■ **Exercise goal**
Please transcribe the lines below exactly, and leave every image behind.

■ **Available data**
___
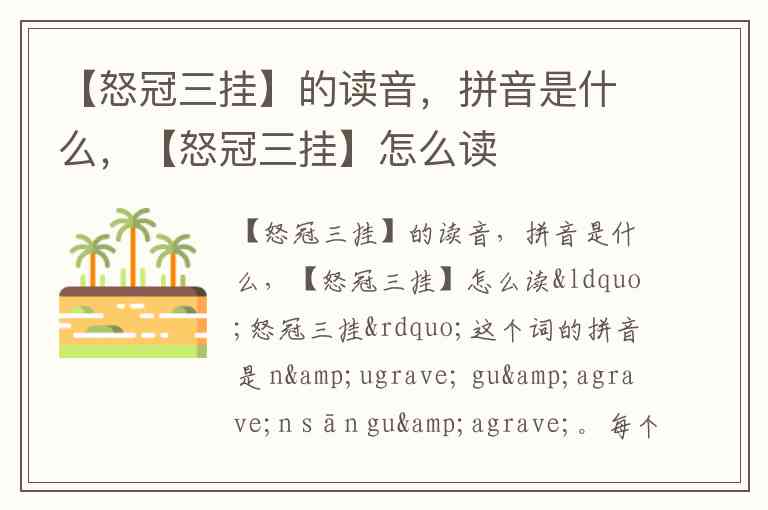 【怒冠三挂】的读音,拼音是什么,【怒冠三挂】怎么读
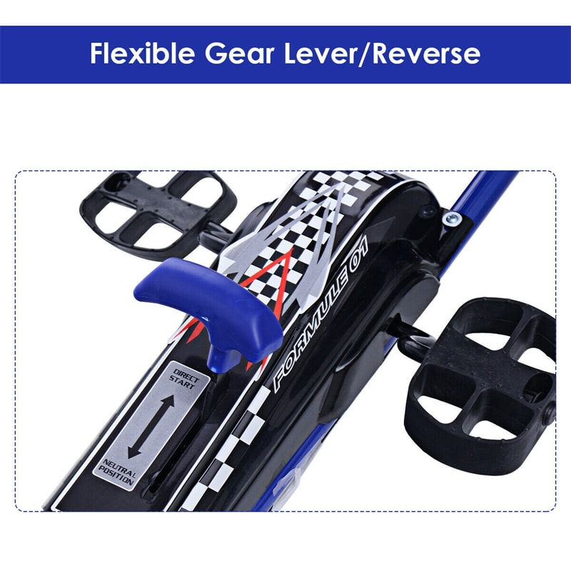 - Simple Operation: Kids can easily control the powered pedal go-kart by the steering wheel to move forward and backward. Meanwhile, they can pull back the hand break next to the seat to stop this pedal go-kart. The gear lever is also included which is located in the middle of the chain guard. Normally use the go-kart when the gear lever pulls forward.
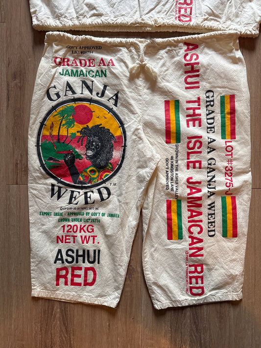 Vintage 1991 La Trenzz Jamaican Ganja Weed Ashui Red Rasta Reggie Hooded Shirt & Shorts Set
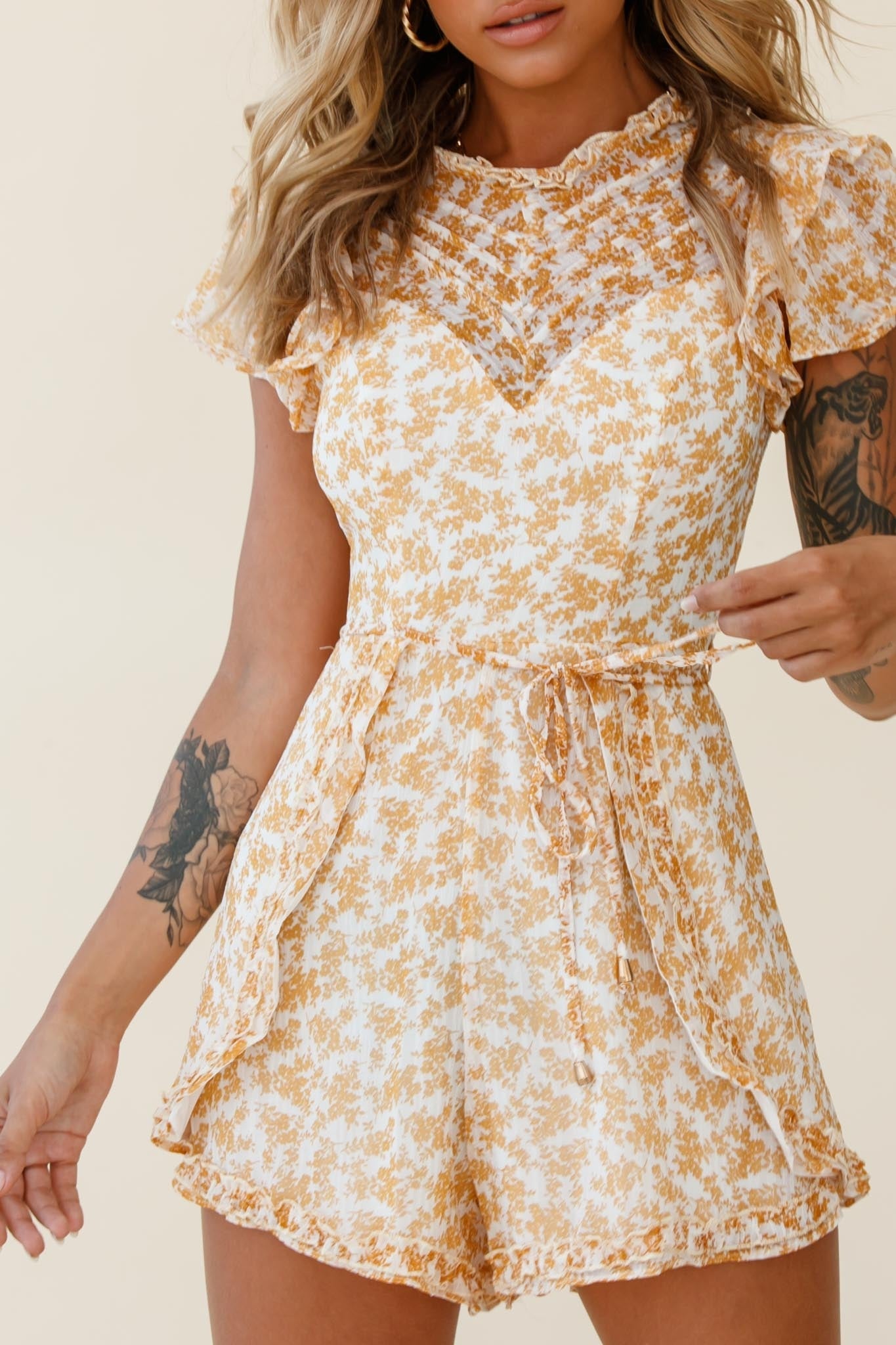 You're a real cutie in our Pomelo romper. Fully lined, it features super cute frill trim details, ruffle sleeves, string-tie around the waist and cut-out back. Perfect for brunch with your bffs teamed with strappy nude heels and a basket bag.
___
■ **Response to this exercise**
 【怒冠三挂】的读音,拼音是什么,【怒冠三挂】怎么读
 - Simple Operation: Kids can easily control the powered pedal go-kart by the steering wheel to move forward and backward. Meanwhile, they can pull back the hand break next to the seat to stop this pedal go-kart. The gear lever is also included which is located in the middle of the chain guard. Normally use the go-kart when the gear lever pulls forward.
 Vintage 1991 La Trenzz Jamaican Ganja Weed Ashui Red Rasta Reggie Hooded Shirt & Shorts Set
 You're a real cutie in our Pomelo romper. Fully lined, it features super cute frill trim details, ruffle sleeves, string-tie around the waist and cut-out back. Perfect for brunch with your bffs teamed with strappy nude heels and a basket bag.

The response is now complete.